Your task is to restate word for word the lines in the material below, from the one with "Special offer Women's" up to and including the one with "210 Glassware assortment, pyrex". Do not carry over the pictures.

(Beginning of Records for this exercise)

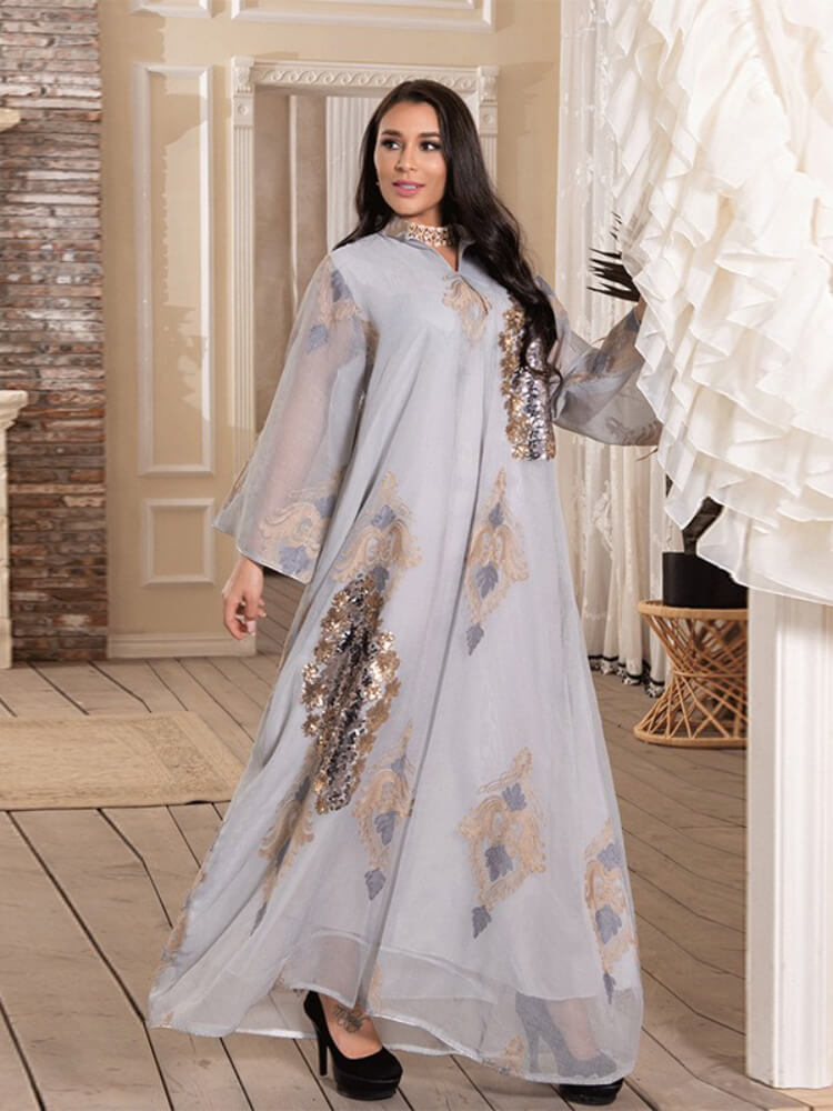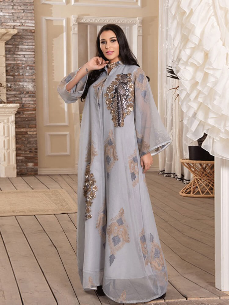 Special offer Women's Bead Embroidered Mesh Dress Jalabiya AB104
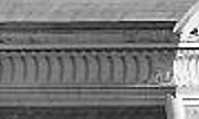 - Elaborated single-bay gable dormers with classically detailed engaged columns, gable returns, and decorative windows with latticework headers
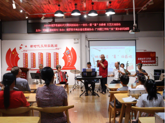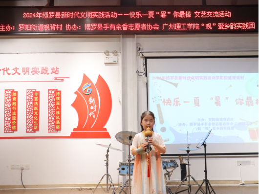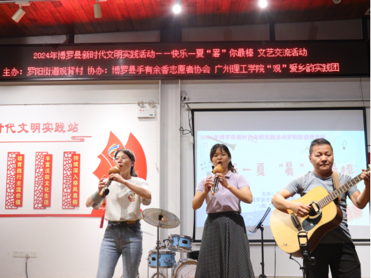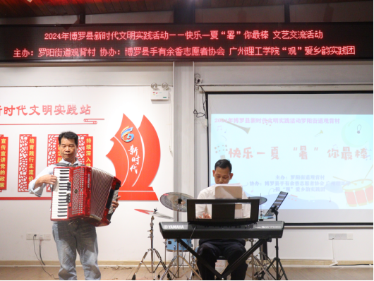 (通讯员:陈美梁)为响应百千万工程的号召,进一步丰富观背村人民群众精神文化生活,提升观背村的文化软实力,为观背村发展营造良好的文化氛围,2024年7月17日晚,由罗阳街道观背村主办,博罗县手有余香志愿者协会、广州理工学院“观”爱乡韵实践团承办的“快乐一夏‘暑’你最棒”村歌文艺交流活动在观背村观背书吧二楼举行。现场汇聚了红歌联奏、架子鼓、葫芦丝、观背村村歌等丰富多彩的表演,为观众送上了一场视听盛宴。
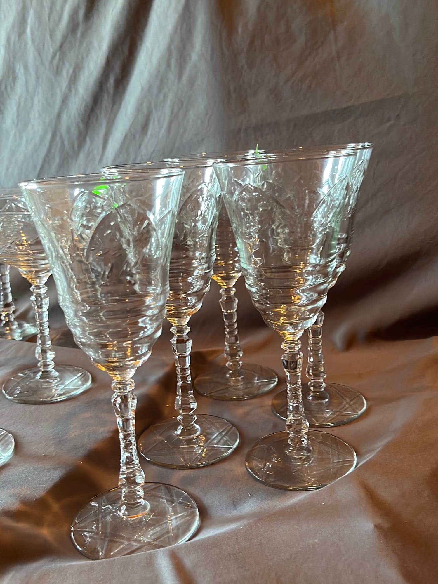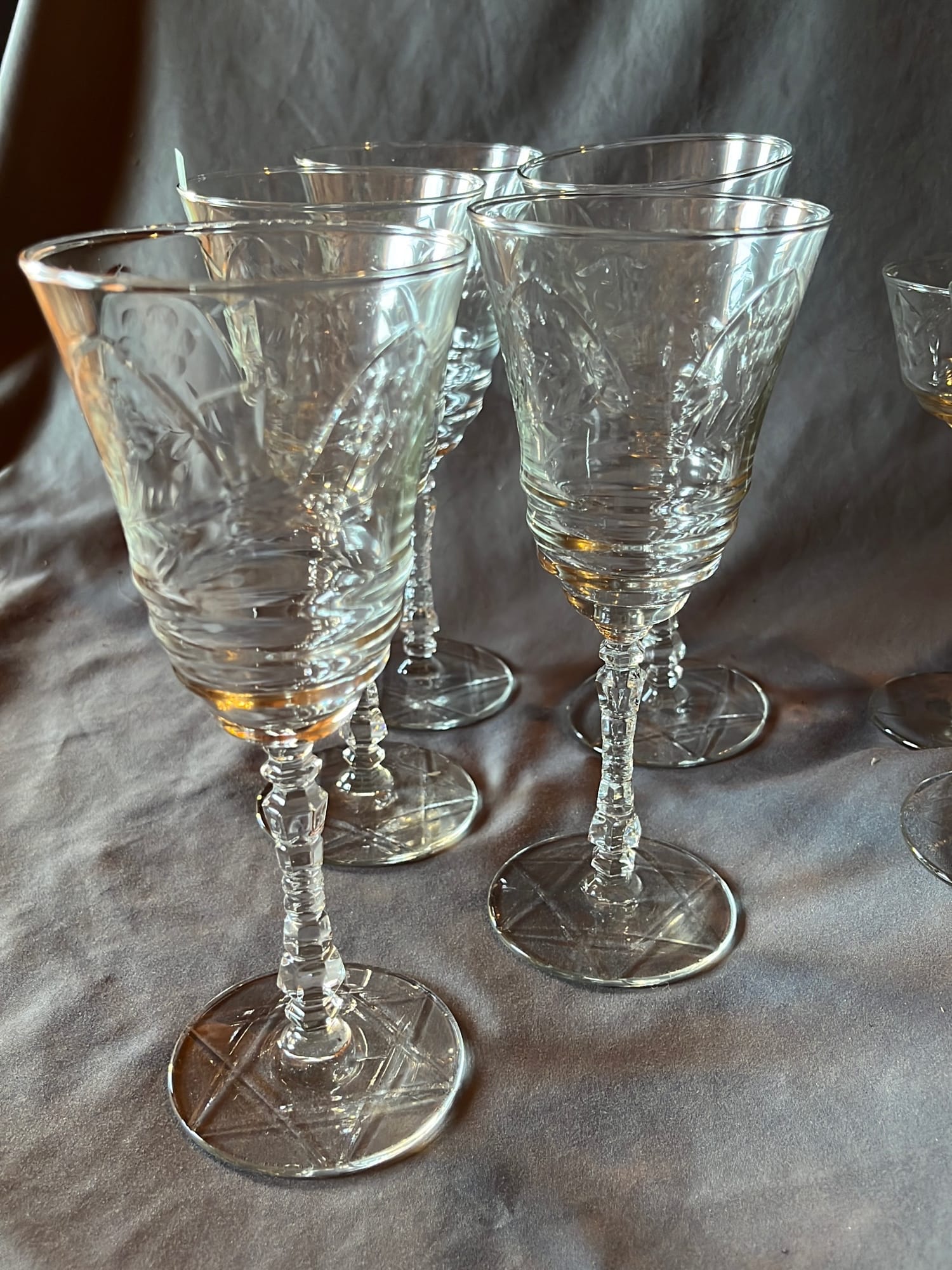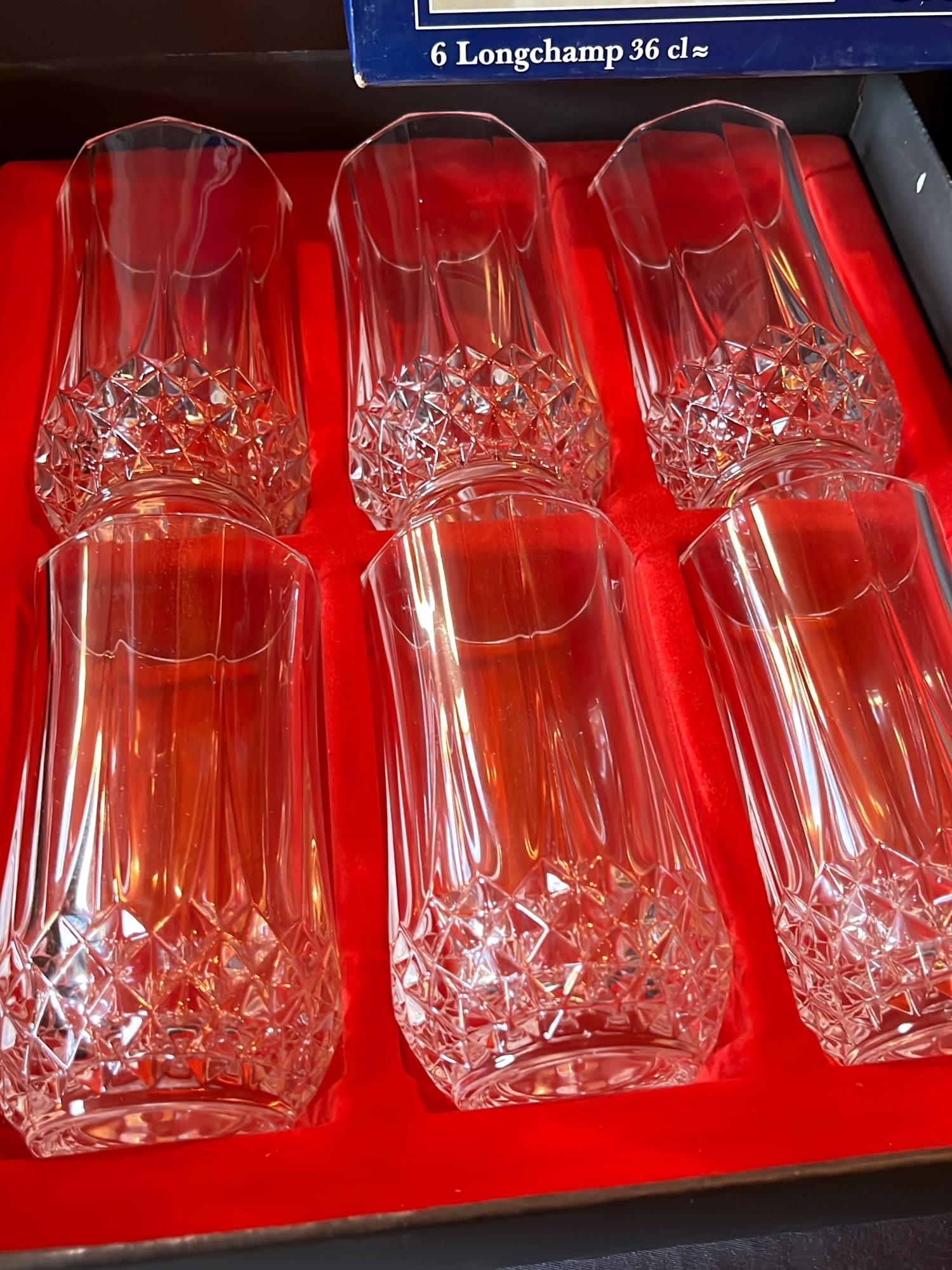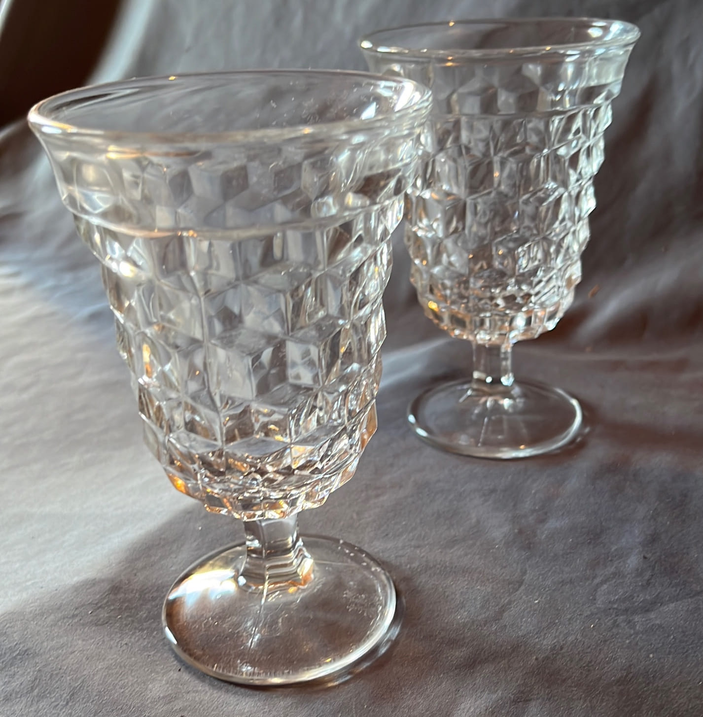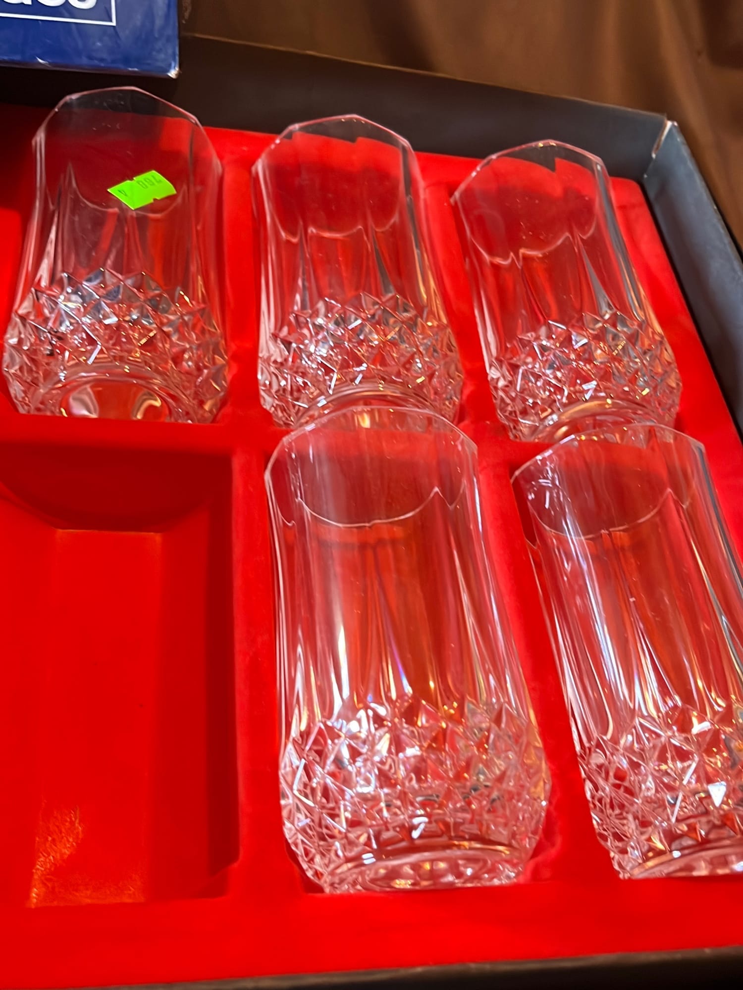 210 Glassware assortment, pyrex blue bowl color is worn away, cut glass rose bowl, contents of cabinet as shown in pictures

(End of Records for this exercise)
(Beginning of Records for this exercise)

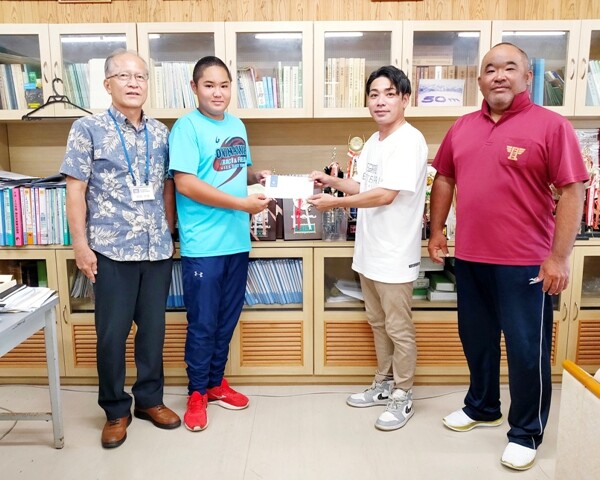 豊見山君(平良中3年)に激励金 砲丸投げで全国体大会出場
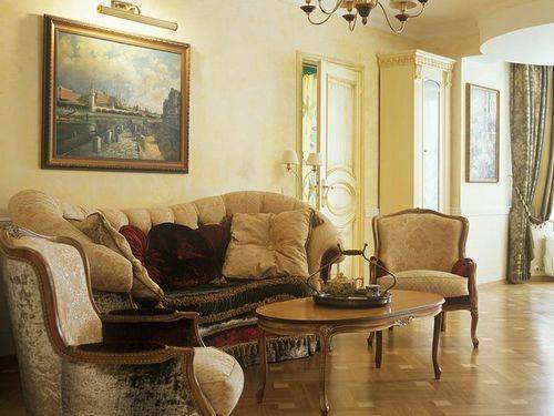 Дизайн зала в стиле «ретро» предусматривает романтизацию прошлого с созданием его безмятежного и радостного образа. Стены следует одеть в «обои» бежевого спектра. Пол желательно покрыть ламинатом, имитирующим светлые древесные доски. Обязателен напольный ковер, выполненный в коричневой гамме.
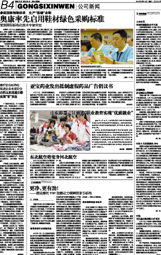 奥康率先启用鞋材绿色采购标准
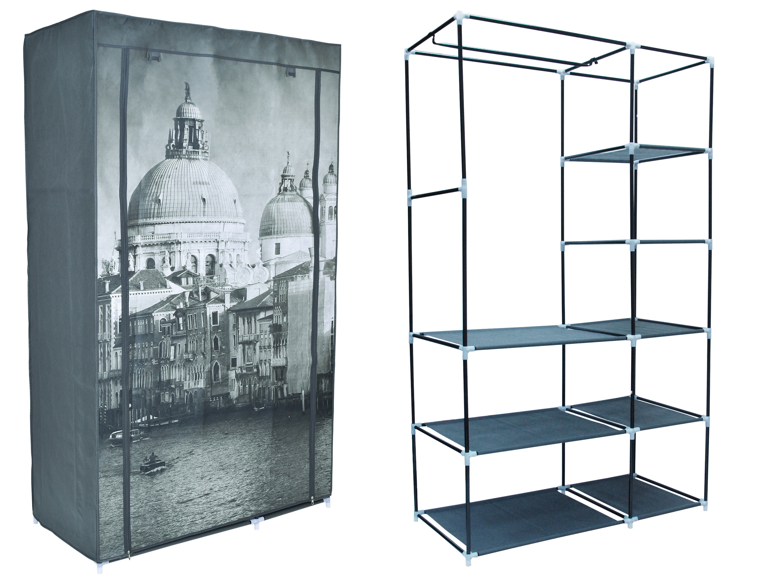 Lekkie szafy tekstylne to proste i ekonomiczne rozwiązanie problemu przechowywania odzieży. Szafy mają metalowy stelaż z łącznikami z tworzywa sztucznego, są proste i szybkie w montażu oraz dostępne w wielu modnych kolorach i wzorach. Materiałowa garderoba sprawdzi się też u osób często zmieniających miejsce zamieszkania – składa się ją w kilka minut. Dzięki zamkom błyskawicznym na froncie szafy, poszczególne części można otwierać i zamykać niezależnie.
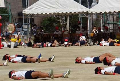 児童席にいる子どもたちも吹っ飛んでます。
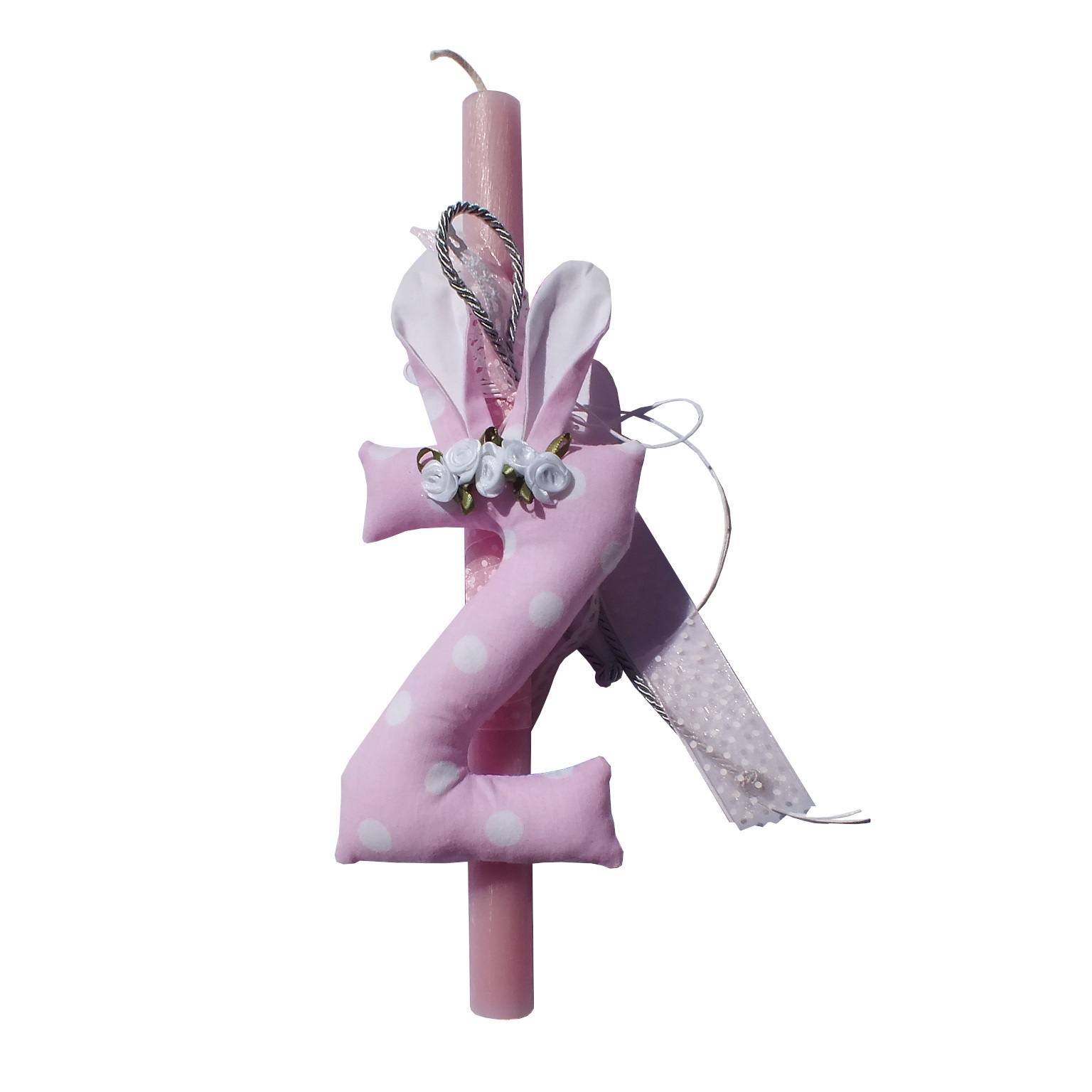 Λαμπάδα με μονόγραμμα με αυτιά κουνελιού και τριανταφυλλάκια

(End of Records for this exercise)
(Beginning of Records for this exercise)

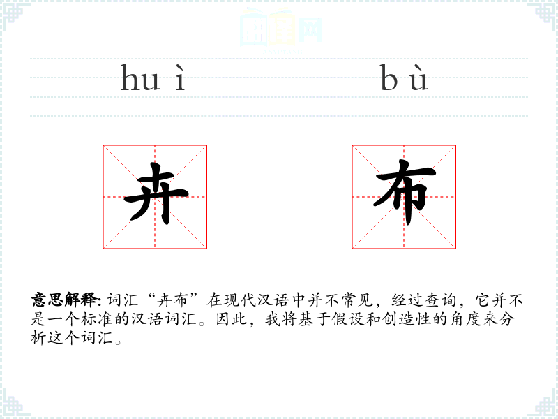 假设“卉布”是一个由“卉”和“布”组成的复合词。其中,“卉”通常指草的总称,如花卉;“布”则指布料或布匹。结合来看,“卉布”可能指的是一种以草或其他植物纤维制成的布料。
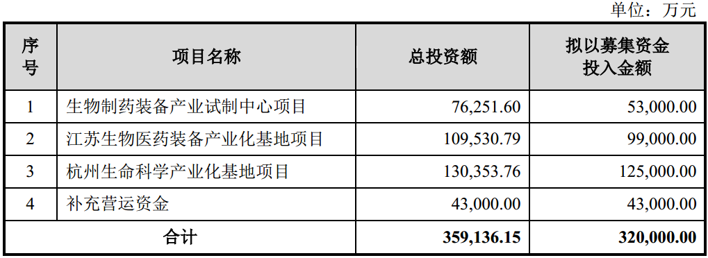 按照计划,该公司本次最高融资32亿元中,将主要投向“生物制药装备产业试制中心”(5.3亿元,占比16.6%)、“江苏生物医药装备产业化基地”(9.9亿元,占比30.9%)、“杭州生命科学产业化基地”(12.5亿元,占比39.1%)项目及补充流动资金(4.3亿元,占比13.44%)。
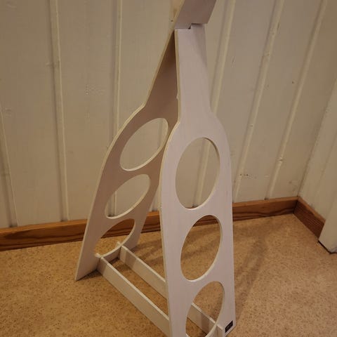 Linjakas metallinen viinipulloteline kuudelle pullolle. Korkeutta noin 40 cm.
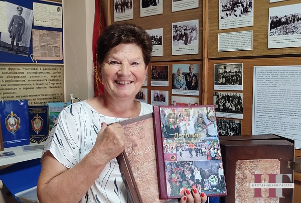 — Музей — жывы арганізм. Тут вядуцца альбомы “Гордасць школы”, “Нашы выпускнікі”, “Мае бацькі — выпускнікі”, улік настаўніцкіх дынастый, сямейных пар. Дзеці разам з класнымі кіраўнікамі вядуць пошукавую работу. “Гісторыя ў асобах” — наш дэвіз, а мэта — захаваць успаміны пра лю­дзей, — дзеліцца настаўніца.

(End of Records for this exercise)

Answer:
 Special offer Women's Bead Embroidered Mesh Dress Jalabiya AB104
 - Elaborated single-bay gable dormers with classically detailed engaged columns, gable returns, and decorative windows with latticework headers
 (通讯员:陈美梁)为响应百千万工程的号召,进一步丰富观背村人民群众精神文化生活,提升观背村的文化软实力,为观背村发展营造良好的文化氛围,2024年7月17日晚,由罗阳街道观背村主办,博罗县手有余香志愿者协会、广州理工学院“观”爱乡韵实践团承办的“快乐一夏‘暑’你最棒”村歌文艺交流活动在观背村观背书吧二楼举行。现场汇聚了红歌联奏、架子鼓、葫芦丝、观背村村歌等丰富多彩的表演,为观众送上了一场视听盛宴。
 210 Glassware assortment, pyrex blue bowl color is worn away, cut glass rose bowl, contents of cabinet as shown in pictures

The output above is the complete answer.